Compact Number Formatting and Fraction Digits

Gunnar Morling gunnar at hibernate.org
Thu Jan 17 17:42:26 UTC 2019


> this could be a good value add to introduce an API [...]

Should I file a JDK issue then (not sure I can even)?

> Wouldn’t this be accomplished with setMaximumFractionDigits(1) ?

That wouldn't achieve that there's no fraction digit(s) in case of
trailing 0s. With min and max fraction digits set to 1, there'll
always be exactly one fraction digit. So having an API that'd allow to
remove trailing 0s would be very welcomed.

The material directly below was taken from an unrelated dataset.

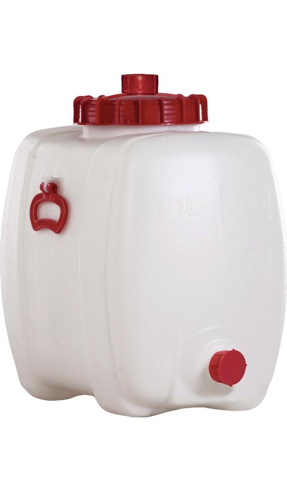 ovale Form · weiß · Schraubdeckel Ø 200 mm · Auslaufstutzen Ø 34 mm · Verschlusskappe mit Dichtung und Auslaufhahn · aus schlag- und stoßfestem Polyethylen · beständig gegen die meisten Säuren und Laugen (bitte anfragen) · lebensmittelecht · Füllstand von Außen gut sichtbar · temperaturbeständig von - 20 °C bis + 50 °C · Tragfähigkeit je Griff max. 30 kgWeitere technische Eigenschaften:

Btw. another suggestion I'd have is to document guarantees in terms of
thread-safety of CompactNumberFormat. It's a common mistake to use
SimpleDateFormat concurrently from multiple threads (although its docs
even state that this is incorrect). So CNF should at least document
its behaviour (or even allow for concurrent access, if feasible).

Am Do., 17. Jan. 2019 um 15:50 Uhr schrieb Scott Palmer <swpalmer at gmail.com>:
>
> Wouldn’t this be accomplished with setMaximumFractionDigits(1) ?
>
> > On Jan 17, 2019, at 5:13 AM, Nishit Jain <nishit.jain at oracle.com> wrote:
> >
> > Hi Gunnar,
> >
> > Currently there is no way to obtain the below expected behavior (to get 1K) when min fraction digit is set to non-zero value. I think that is not even expected when min fraction digits is set, but considering the objective of compact number formatting this could be a good value add to introduce an API which if set, truncates trailing fractional zeros while formatting output. This may need some thought process on its feasibility.
> >
> > Regards,
> > Nishit Jain
> > On 17-01-2019 14:37, Gunnar Morling wrote:
> >> Hi,
> >>
> >> I took a look at the compact number formatting recently added in JDK 12.
> >>
> >> There's setMinimumFractionDigits() to control the number of fractional
> >> digits, so that e.g. 1,500 can be formatted as 1.5K. That's great, but
> >> it also will format 1,000 as 1.0K. Is there a way to have fractional
> >> digits but remove trailing zeros, so that 1,500 and 1,000 would be
> >> formatted as 1.5K and 1K, respectively?